GPTCache proved the idea. We went and rebuilt the engine underneath.

Credit where it's due: the first semantic caches showed the world this works. Then we asked what a production-grade version would look like if you owned every layer.

The early semantic-cache projects deserve real credit, they proved that matching questions by meaning could slash LLM costs, and they got a lot of people to try the idea. We started there too. But 'proof of concept' and 'sits in the hot path of every call in production' are different engineering problems, and the gap is where we spent our time.

the engine we own end to end
enter nearest a few hops across a million points · sub-millisecond

A vector index we wrote ourselves, so the reuse checks live right next to the data.

In plain words: Owning the whole stack, the storage engine, the vector index, the embedder, the reranker, means the read path doesn't round-trip five external services to decide whether one answer is reusable.

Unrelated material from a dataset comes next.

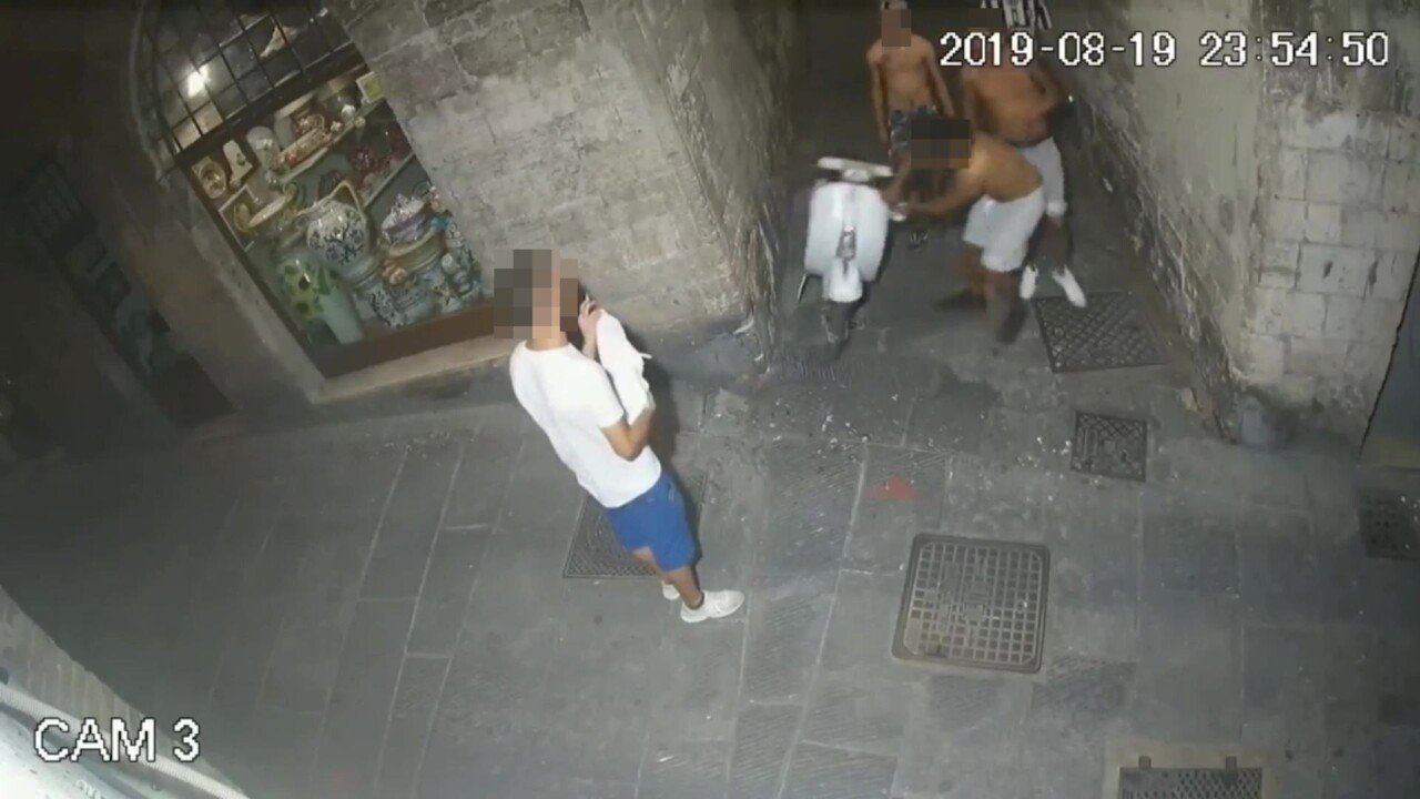 Il bilancio è pesantissimo: una decina di auto danneggiate, uno scooter sbattuto a terra, turisti in fuga davanti allo scempio. E’ stata un vera notte di follia quella accaduta in centro storico, tra lunedì e martedì, dalla mezzanotte e fino alle 2 circa. Il tutto è accaduto in piazza Alfani e via Ulisse Rocchi, ma anche di via Baldeschi, piazza Ansidei e Piazza Danti. Qualcuno ha girato un video che potrebbe aiutare i carabinieri a risalire agli autori. Tra le immagini si vede una sfida tra bande, uno che ribalta una vespa e un altro che indossa la maglia della Juve. Al vaglio dunque i video dei residenti per individuare i protagonisti della notte di follia.

Concretely: a bolted-together cache asks a vector library for neighbours, then a separate store for metadata, then maybe an API for a rerank, each a serialization boundary, each a latency tax. Crowkis does it in one process, in Rust, with the model bundled in. That's how you get sub-millisecond search that also checks trust, freshness, and a second opinion without feeling it.

The bottom line

The idea was proven. What was missing was an engine built like infrastructure, owned end to end, fast under load, safe enough to trust. That's the part we built.